Francis Ponge, Le Parti pris des choses. Qu'est-ce que c'est bien Francis Ponge! Un copain comédien devait monter un spectacle d'après lui et ses textes et l'a rencontré. Il m'a pas dit comment ça c'était passé. |
| | Nombre de messages : 2493 Âge : 20 Date d'inscription : 17/05/2010 | art.hrite / Chantre brahmane ज्ञानयोग Mer 28 Mar 2018 - 12:47 | |
| - Pasiphae a écrit:
- TUBERCULES
Plonger la main dans la terre. Plonger jusqu'à toucher la peau rugueuse de ce qui se cache : des tubercules, des tentacules de poulpes qui habitent sous terre. Des tubercules qui poussent comme la peur, dans le noir. Plonger la main comme le faisait grand-père, en pleine lune, comme il m'a appris à le faire quand il le pouvait encore, quand il en avait les forces et y sortait des tubercules comme des tentacules de poulpes fraîchement pêchés.

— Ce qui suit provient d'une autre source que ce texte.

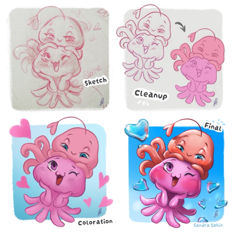 Ich skizziere meine Ideen zuerst, manchmal analog oder digital. Dann überlege ich, was ich darstellen möchte, was passt am besten zum Thema etc. und entscheide mich dann für einen Favoriten, der umgesetzt wird. Für das finale Motiv habe ich digital mit Procreate gearbeitet und die Outlines nochmal sauber nachgezeichnet, bevor ich dann mit der Farbe angefangen habe. Diesmal hatte ich Lust auf etwas Klares und Simples, das einfach Spaß machen sollte und dem Betrachter so eine „Verliebtheit“ oder Zuneigung vermittelt, die zwischen den beiden Figuren entsteht.

Plonger la main jusqu'à pouvoir toucher les intestins comestibles de la terre, jusqu'à l'endroit où poussent ces tubercules noirâtres, comme des images d'un rêve, comme des pensées tordues. Plonger la main, doucement, comme dans une blessure profonde, lointaine comme le jour ou le grand-père m'a appris à moissonner des tubercules et j'ai eu la révélation de la première image de la peur lorsque je l'ai eu dans les mains, sale, nouveau-né sans pleurs. C'était comme palper l'humidité des choses enfouies, comme un ongle qui fait mal, comme la peur devant moi pour la première fois. Des tubercules, des tentacules à la peau dure, arrachés aux poulpes déchirés sous terre. Des tubercules exposés au soleil, agonisants de se savoir bientôt cuits. Des organes crus. Des formes impures. Des idées sales de la terre. Des bas instincts. Des fœtus allongés. Des tubercules tentacules. De la nourriture de pauvre. Des tubercules extraits par grand-père les jours de pleine lune sur la terre. Plonger la main. La plonger encore plus. Palper aveuglement la peur. La reconnaître en tant que tubercule La mettre sur la table. Se nourrir de son amidon amer.